If there is doubt about the value of narrative… to national security, it only takes one look beneath the events displayed in the daily news…: somewhere prior to the action garnering international attention, communication happened that resonated with an audience, who found more reasons to act than not.


That is a point that becomes only more salient with every passing day, in 2020.

I am not trying to claim that O’Brien’s book single-handedly transformed me into an anti-war activist, but it did force me to sit with the unspeakable brutality of one war and reflect on its implications for a new one. It inspired me to continue seeking out news on the ongoing occupation of Iraq, to start writing political commentary for my college newspaper, to take a class on the Vietnam War, to visit Vietnam with a remarkable professor who is himself a Vietnam vet, to join anti-war marches in Philadelphia, to organize my first demonstration on the fourth anniversary of the invasion of Fallujah with an Iraq War vet in the spring of my senior year.
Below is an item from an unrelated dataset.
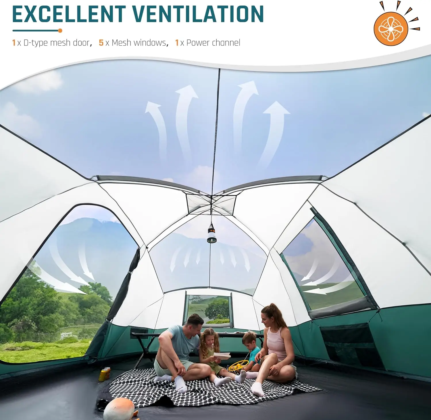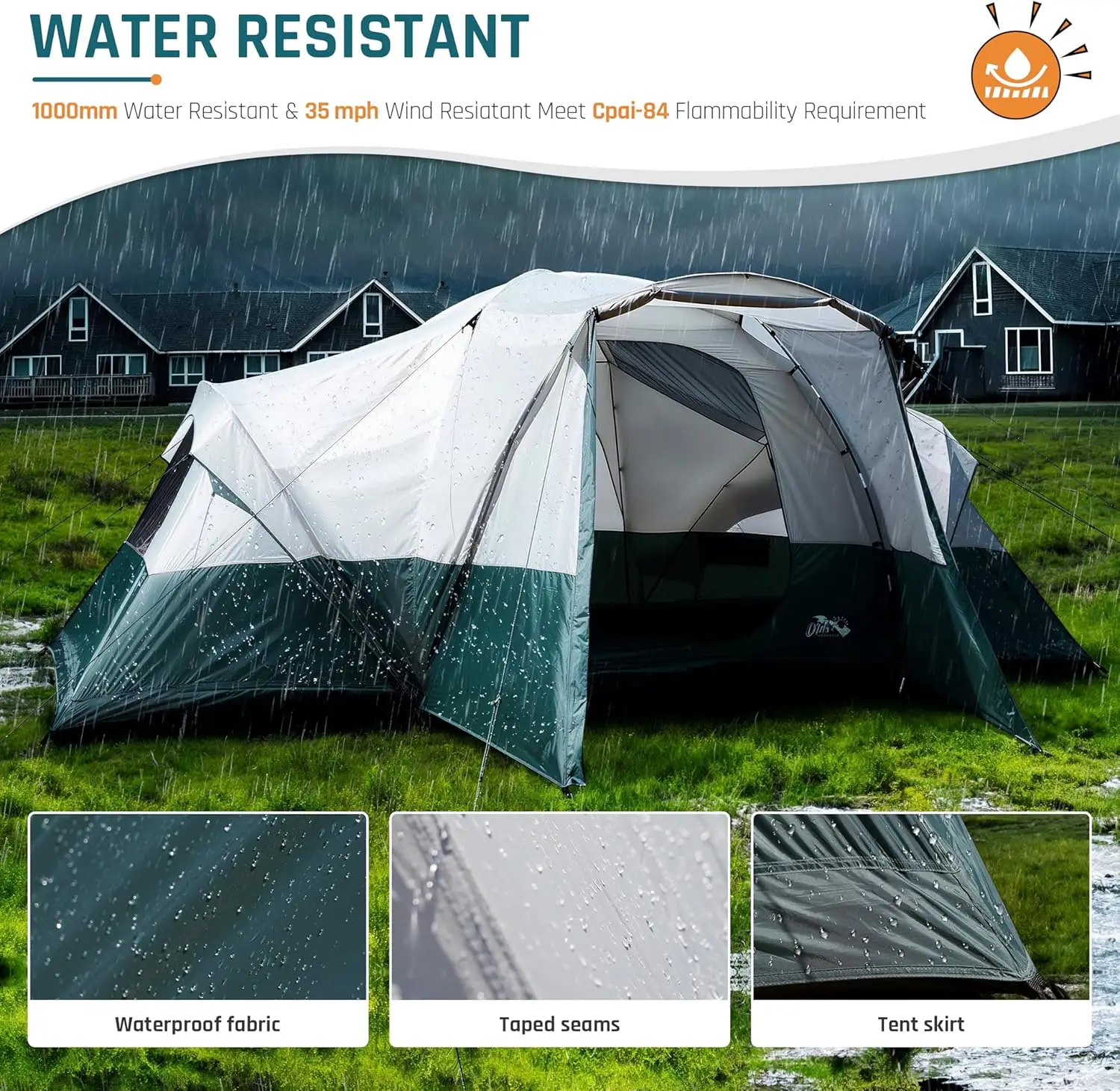 - Spacious Family Tent: Our large tent comfortably sleeps 11 people in a spacious 16 x 10 feet. Pre-curved Overhead fiberglass poles give the tent an impressive 78-inch center height. It's ideal for family camping trips, providing plenty of room for everyone to stretch out and relax.

My first job after college was as the National Media Coordinator for Iraq Veterans Against the War (now called About Face: Veterans Against the War), a national nonprofit made up of post-9/11 service members fighting against American militarism. Since then, I’ve exclusively worked in the fields of communications and community organizing for mission-driven nonprofits and organized labor for more than twelve years.

When a friend recently told me he only reads nonfiction because he (like Socrates!) prefers to read something “real,” I couldn’t help but think he got it wrong. Fiction isn’t the antithesis to reality—it helps shape it. In her new book of essays, Azadi: Freedom. Fascism. Fiction, Arundhati Roy opens by recalling a conversation with her editor. When he asked her what she thought of when she thought of the word “Azadi” (Urdu for “freedom”), she said, “[W]ithout a moment’s hesitation, ‘A novel.’”

Roy continues, “A novel, to me, is freedom with responsibility.” And that, I think, is what makes fiction a revolutionary tool—it doesn’t just provide readers with the capacity to imagine different futures, but, crucially, the very real people in them.